The vastness of Ames, employing over two thousand people who were spread out over six separate facilities in its Silicon Valley site thirty miles from her home in Moss Beach, had enthralled instead of intimidated Sam. She saw in it not so much a village-size community as a uniquely compartmentalized world where nothing was too impossible to consider. No theory was discounted out of hand, and even lowly interns like Sam were encouraged to provide input and formulate honest responses to data affecting their particular department. Speaking of which …

“Doctor?” she called, almost running to keep Donati’s pace.

“Not now, Dixon,” he said, from slightly ahead of her. “We’re headed to the future and I don’t want to get sidetracked along the way.”





18

PATTERNS

IT TOOK DONATI’S OWN top-level security card to access the extraterrestrial monitoring station through a sliding door where automated machines collected and collated millions of bits of data every day, most of which were ultimately discarded for being planetary echoes, star bursts, and other easily explicable events.

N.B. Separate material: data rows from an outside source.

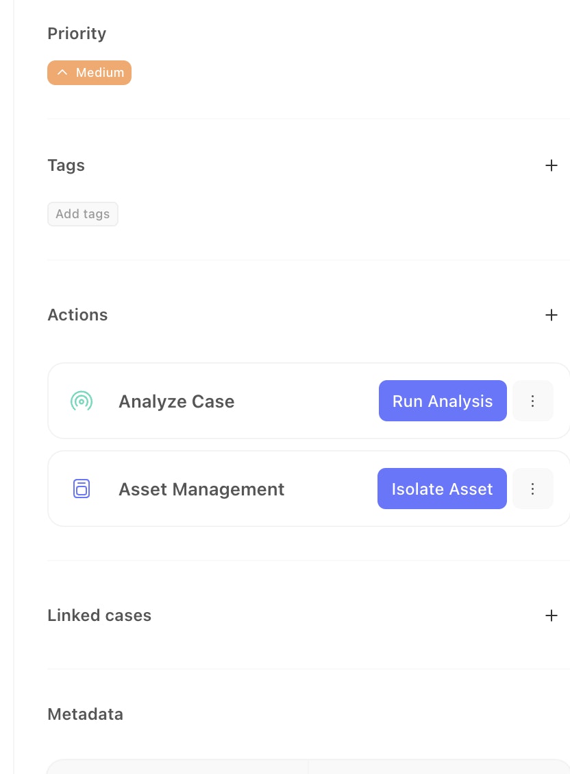 Case actions let you add interactive automation hooks into your case. These hooks appear in the form of buttons added to the case.
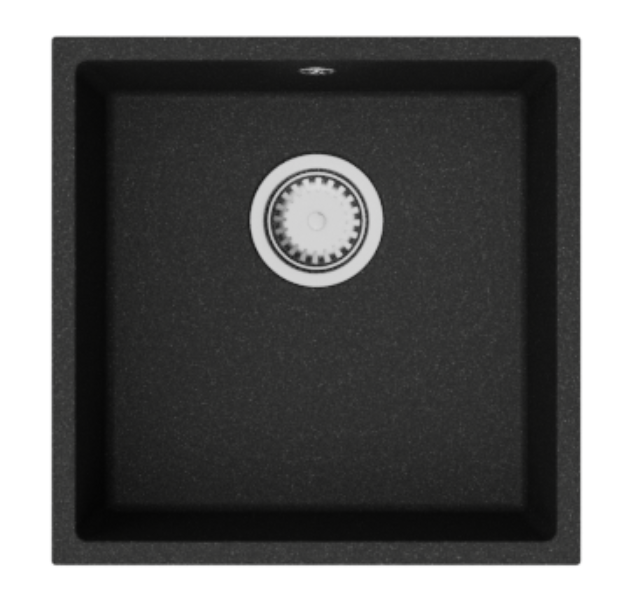 GraniteMy Évier universel en granit noir 40x40 cm noir montage en surface, en sous-plan et à fleur avec bouchon en inox 1208958318
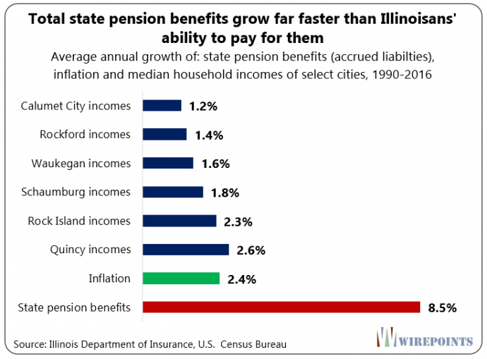 Wirepoints found that total pension benefits owed by the state – to teachers, state workers, university employees, judges and lawmakers – have grown at an 8.5 percent annual clip since 1990. That’s seven times faster than household incomes in Calumet City (1.2 percent annually), six times faster than Rockford’s (1.4 percent) and five times faster than Waukegan’s (1.6 percent).
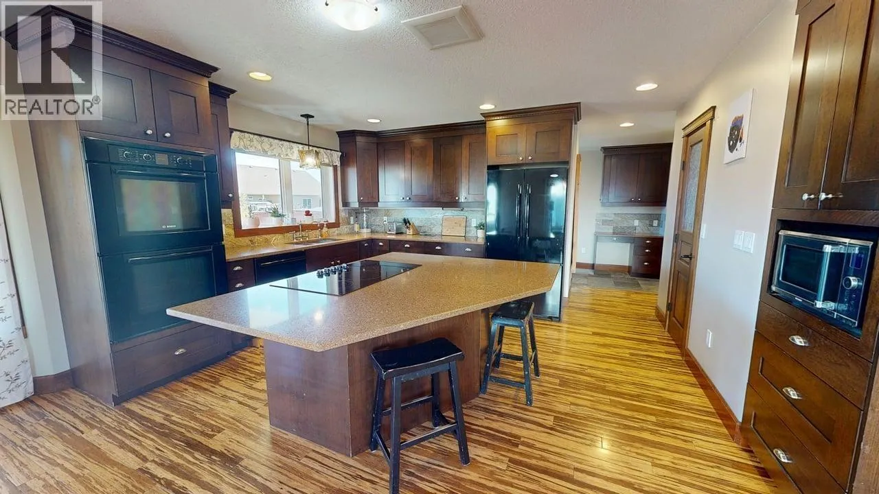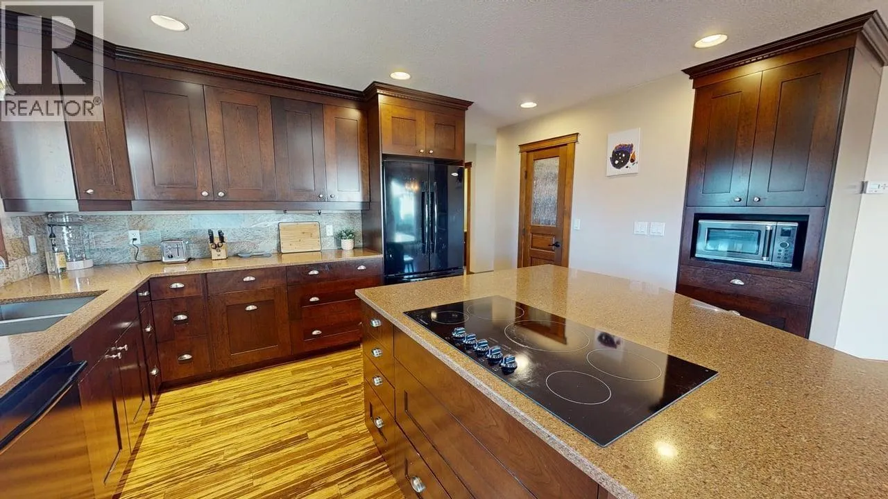 Whispering Winds Gem! Steps to Hospital, Schools & Trails! This stunning home boasts 5 bedrooms, 4 bathrooms, open-concept main living area with large living room, dining room and chefs kitchen with a large island. Primary bedroom has a large picture window, walk-through closet and gorgeous ensuite with a jetted tub and stand alone shower with spa showerheads. The Third bedroom has a secret passage way to the large family rooms any kid would love. Home comes with a double car garage, large paved parking, RV parking, huge fully fenced back yard, covered deck, patio & hot tub. Unique features include in-floor heat in garage and basement, under ground sprinkler system, central vac and individual room temperature controls. Recent updates include new stove cooktop and hot water on demand! (id:27476)

But today must have been different.

Inside the sprawling station, Donati stopped at one of the primary computer terminals displaying two versions of a bar grid projecting subspace electromagnetic chatter that could indicate some type of advanced or rudimentary form of communication.

“See? Can you see?”

Samantha couldn’t.

“The difference is what I’m talking about, the difference in the grids! There’s movement, consistent movement, not just a blip.”

Sam looked closer at the dual bar grids and, yes, there was a deviation from the standard level indicating the norm. No more than a hair—well, a micromillimeter, actually—but definitely a jump recorded steadily over a six-hour period earlier that day.

“There was a similar bump yesterday,” Donati explained. “But I discounted it, taking it for a blip. I hate blips, all the false hope they give us. But it repeated today and didn’t fall off. See? Can you see?”

This time Sam nodded, wondering maybe, just maybe …

“I’m going to isolate its source,” Donati continued, “even if it takes me all of the night, all of tomorrow, all of the next week. Here I’ll be, ready for the breakthrough to break through. I had to tell somebody. This is too big to keep to myself. I could fall, bang my head, lose my memory, and then no one would ever know it wasn’t just a blip this time. That somebody out there’s talking. There was something similar, indicators anyway, before—about eighteen years ago—but that’s, well, another story. The source, Dixon, we must find the source! Are you with me?”

With him? This was Sam’s ultimate dream, to be involved on the forefront of something this exciting. But she was supposed to tutor Alex tonight; not that he’d care if she had to postpone the session until tomorrow. Still, they’d made plans and the truth was— “Eighteen years,” Donati repeated, breaking her thought. “Wonder if there’s significance in that, a cycle or something. Know what I mean?”